* [Exercise inputs]:
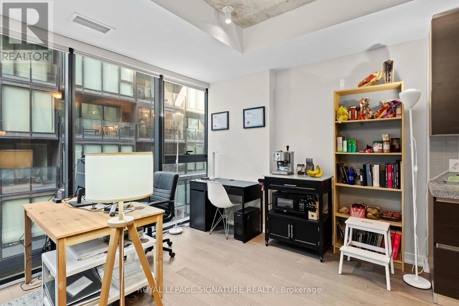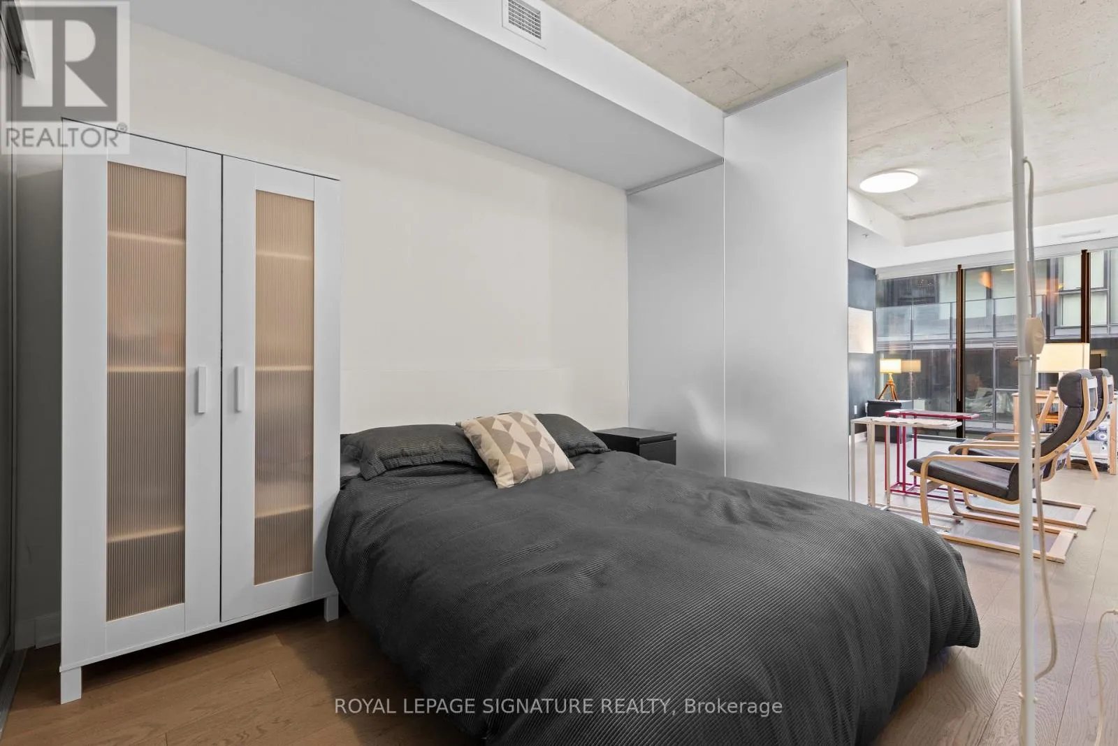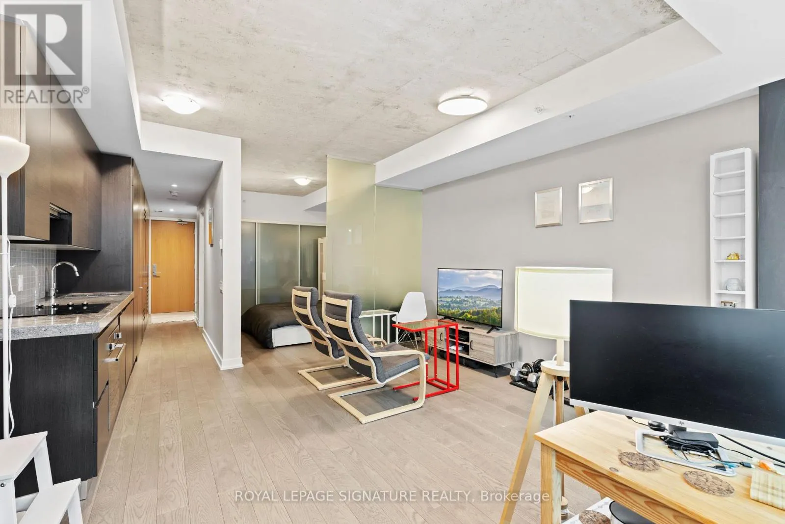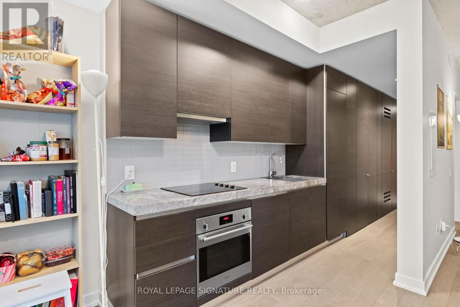 King & Bathurst Welcome to Unit 406 at the Thompson Residences, ideally situated in the heart of Toronto's iconic King West neighbourhood. This boutique one-bedroom suite is the perfect opportunity for a first-time buyer or investor looking for style, space, and location. One of the largest one-bedroom layouts in the building, it offers 583 square feet of functional living space with floor-to-ceiling windows and custom coverings, a sleek Scavolini kitchen with Euro-style appliances, exposed 9-foot concrete ceilings, beautiful engineered hardwood flooring, and a spa-inspired bathroom with a rain shower. Ample in-suite storage and a dedicated locker provide practical convenience. The open-concept living and dining area is ideal for both everyday living and entertaining. Steps to top restaurants, shopping, parks, and transit, this suite is perfectly positioned to experience everything Toronto has to offer. Priced to sell, don't miss this opportunity! (id:27476)
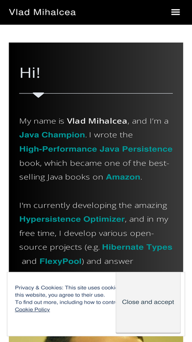 87%Hi! My name is Vlad Mihalcea, and I’m a Java Champion. I wrote the High-Performance Java Persistence book, which became one of the best-selling Java books on Amazon.I'm currently developing the amazing Hypersistence Optimizer, and in my free time, I develop various open-source projects (e.g. Hypersistence Utils and FlexyPool) and answer questions on StackOverflow. BlogI've been blogging since 2013 about Java, JPA, Hibernate, Spring, SQL, and database systems (e.g., Oracle, SQL Server, PostgreSQL, MySQL). READ MY BLOG BookI wrote and published a book called High-Performance Java Persistence, which has been read by thousands of Java developers all... Read More
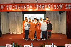 为了开展中职学校的文明礼仪迎世博活动,在中职校园中倡导文明礼仪、绿色生活,“上海市中职德育研究会”承办了“航服杯”上海市中职学生迎世博文明礼仪竞赛活动。大众工业学校团委和学生处组织学生,先在校内展开迎世博系列活动的“学世博知识 迎世博盛会”知识竞赛,通过必答题、抢答题、风险题三个环节进行角逐。在每轮结束后,为了让更多的同学参与其中,还设置了许多观众题,台下的同学踊跃参与答题,现场气氛非常活跃。通过初赛、复赛选出了精兵强将。参加“上海市中职德育研究会”在全市范围内举办的“航服杯”上海市中职学生迎世博文明礼仪竞赛活动的六支队伍分别由各教学部选派的3名同学组成。
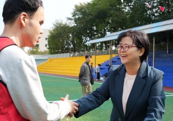 이순희 강북구청장이 지난 11일 강북구민운동장에서 열린 ‘장애인 명랑가족운동회’에 참석해 장애인들과 인사를 나누며 가깝게 소통했다.
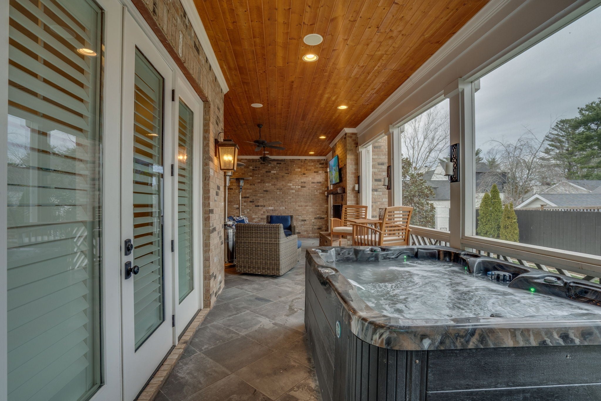 Better Than New in the heart of Green Hills! Walk to Whole Foods, GH Mall, YMCA and much more! Classic architecture with a modern and sophisticated design/layout! Plantation shutters on all windows! Jenn-Air Appliance package including built in refrigerator, 42' range & ice machine in wet bar. Dramatic custom slider doors connect the open living area into an over the top screened porch with fireplace and hot tub! Large primary bedroom opens onto porch with spa like bath featuring roman tub and large shower. Owner's closet has stackable washer/dryer. Upstairs secondary primary bedroom/bath. Upstairs living area opens to a charming balcony. Media room and wet bar off upstairs living area. Nice size fenced back yard with curbed landscaping beds. Walkable to Julia Green!
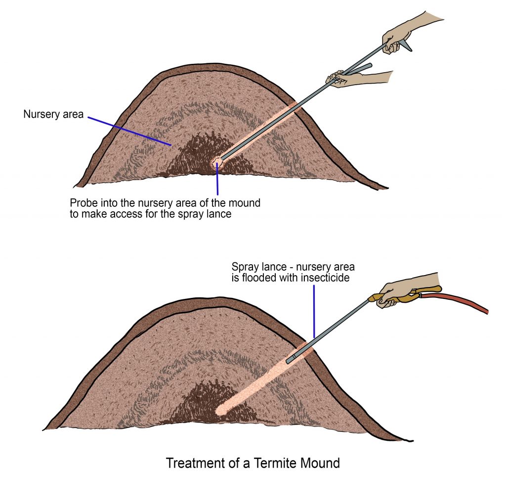 When dealing with multiple termite mounds that need to be destroyed, and their visibility is not an issue, using insecticides can be a more efficient and less labour-intensive method. While the type of insecticide is not crucial, proper application technique is key. Holes should be drilled through the mound’s tough outer wall and into the lower central structure of the nest. For dust application it is advisable to make several holes and ensure it puffs out of other holes, indicating it is reaching the entire nest.
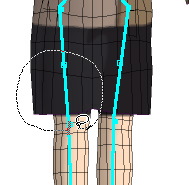 そこで、「骨組み/肉付けも変形」メニューを選択してから、「投げ輪選択」ツールで足のももの部分を選択します。
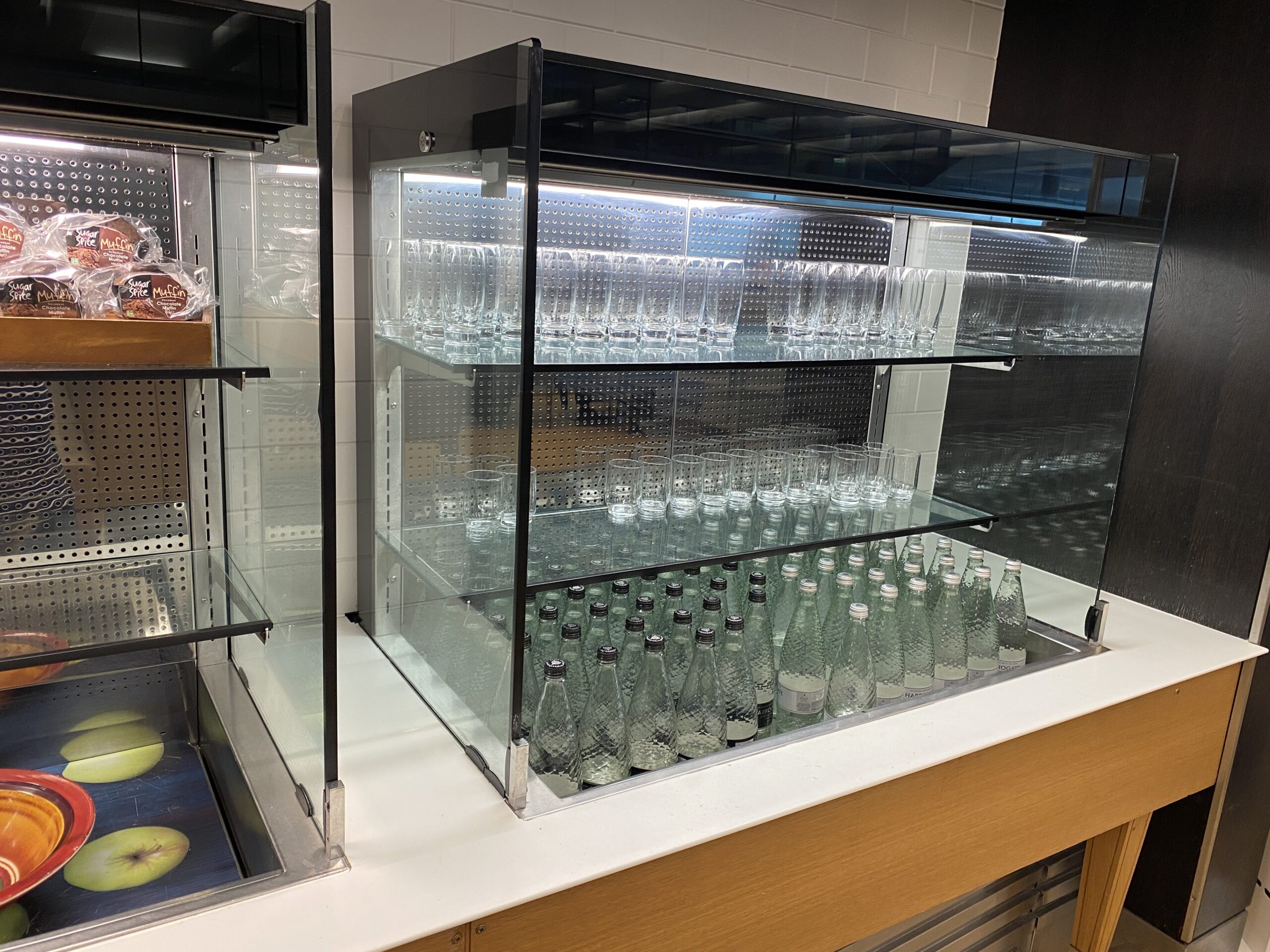 Further down there are chilled cabinets with still and sparkling water as well as fruit and muffins.
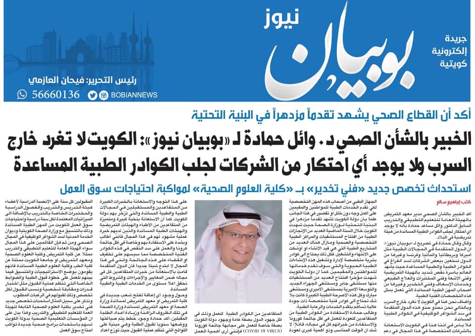 الخبير بالشأن الصحي د. وائل حمادة لـ بوبيان_نيوز : الكويت لا تغرد خارج السرب ولا يوجد احتكار من الشركات لجلب الكوادر الطبية المساعدة
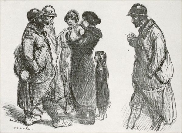De ces ouvriers, Steinlen nous montre à peine les outils. Il a vraiment rompu avec toutes les traditions de cette «peinture militaire» dont je parlais. Pas de canons, pas de fusils, pas d’équipements, aucun décor précis; l’artiste est allé au front, il n’en a retenu que les pensées inspirées par les spectacles. Des hommes, des femmes, des enfants, avec le moins de détails guerriers que possible: l’homme est casqué, on devine sa capote contre laquelle il a troqué sa blouse, et quelques accessoires de son fourniment. Rien de plus. L’intérêt n’est pas là. Il est tout entier dans les visages et les attitudes, qui suffisent à exprimer tout le pathétique de ces années.

* [Work request]: From the first line to the last, print the records exactly; leave out the pictures.

* [Exercise output]:
 King & Bathurst Welcome to Unit 406 at the Thompson Residences, ideally situated in the heart of Toronto's iconic King West neighbourhood. This boutique one-bedroom suite is the perfect opportunity for a first-time buyer or investor looking for style, space, and location. One of the largest one-bedroom layouts in the building, it offers 583 square feet of functional living space with floor-to-ceiling windows and custom coverings, a sleek Scavolini kitchen with Euro-style appliances, exposed 9-foot concrete ceilings, beautiful engineered hardwood flooring, and a spa-inspired bathroom with a rain shower. Ample in-suite storage and a dedicated locker provide practical convenience. The open-concept living and dining area is ideal for both everyday living and entertaining. Steps to top restaurants, shopping, parks, and transit, this suite is perfectly positioned to experience everything Toronto has to offer. Priced to sell, don't miss this opportunity! (id:27476)
 87%Hi! My name is Vlad Mihalcea, and I’m a Java Champion. I wrote the High-Performance Java Persistence book, which became one of the best-selling Java books on Amazon.I'm currently developing the amazing Hypersistence Optimizer, and in my free time, I develop various open-source projects (e.g. Hypersistence Utils and FlexyPool) and answer questions on StackOverflow. BlogI've been blogging since 2013 about Java, JPA, Hibernate, Spring, SQL, and database systems (e.g., Oracle, SQL Server, PostgreSQL, MySQL). READ MY BLOG BookI wrote and published a book called High-Performance Java Persistence, which has been read by thousands of Java developers all... Read More
 为了开展中职学校的文明礼仪迎世博活动,在中职校园中倡导文明礼仪、绿色生活,“上海市中职德育研究会”承办了“航服杯”上海市中职学生迎世博文明礼仪竞赛活动。大众工业学校团委和学生处组织学生,先在校内展开迎世博系列活动的“学世博知识 迎世博盛会”知识竞赛,通过必答题、抢答题、风险题三个环节进行角逐。在每轮结束后,为了让更多的同学参与其中,还设置了许多观众题,台下的同学踊跃参与答题,现场气氛非常活跃。通过初赛、复赛选出了精兵强将。参加“上海市中职德育研究会”在全市范围内举办的“航服杯”上海市中职学生迎世博文明礼仪竞赛活动的六支队伍分别由各教学部选派的3名同学组成。
 이순희 강북구청장이 지난 11일 강북구민운동장에서 열린 ‘장애인 명랑가족운동회’에 참석해 장애인들과 인사를 나누며 가깝게 소통했다.
 Better Than New in the heart of Green Hills! Walk to Whole Foods, GH Mall, YMCA and much more! Classic architecture with a modern and sophisticated design/layout! Plantation shutters on all windows! Jenn-Air Appliance package including built in refrigerator, 42' range & ice machine in wet bar. Dramatic custom slider doors connect the open living area into an over the top screened porch with fireplace and hot tub! Large primary bedroom opens onto porch with spa like bath featuring roman tub and large shower. Owner's closet has stackable washer/dryer. Upstairs secondary primary bedroom/bath. Upstairs living area opens to a charming balcony. Media room and wet bar off upstairs living area. Nice size fenced back yard with curbed landscaping beds. Walkable to Julia Green!
 When dealing with multiple termite mounds that need to be destroyed, and their visibility is not an issue, using insecticides can be a more efficient and less labour-intensive method. While the type of insecticide is not crucial, proper application technique is key. Holes should be drilled through the mound’s tough outer wall and into the lower central structure of the nest. For dust application it is advisable to make several holes and ensure it puffs out of other holes, indicating it is reaching the entire nest.
 そこで、「骨組み/肉付けも変形」メニューを選択してから、「投げ輪選択」ツールで足のももの部分を選択します。
 Further down there are chilled cabinets with still and sparkling water as well as fruit and muffins.
 الخبير بالشأن الصحي د. وائل حمادة لـ بوبيان_نيوز : الكويت لا تغرد خارج السرب ولا يوجد احتكار من الشركات لجلب الكوادر الطبية المساعدة
De ces ouvriers, Steinlen nous montre à peine les outils. Il a vraiment rompu avec toutes les traditions de cette «peinture militaire» dont je parlais. Pas de canons, pas de fusils, pas d’équipements, aucun décor précis; l’artiste est allé au front, il n’en a retenu que les pensées inspirées par les spectacles. Des hommes, des femmes, des enfants, avec le moins de détails guerriers que possible: l’homme est casqué, on devine sa capote contre laquelle il a troqué sa blouse, et quelques accessoires de son fourniment. Rien de plus. L’intérêt n’est pas là. Il est tout entier dans les visages et les attitudes, qui suffisent à exprimer tout le pathétique de ces années.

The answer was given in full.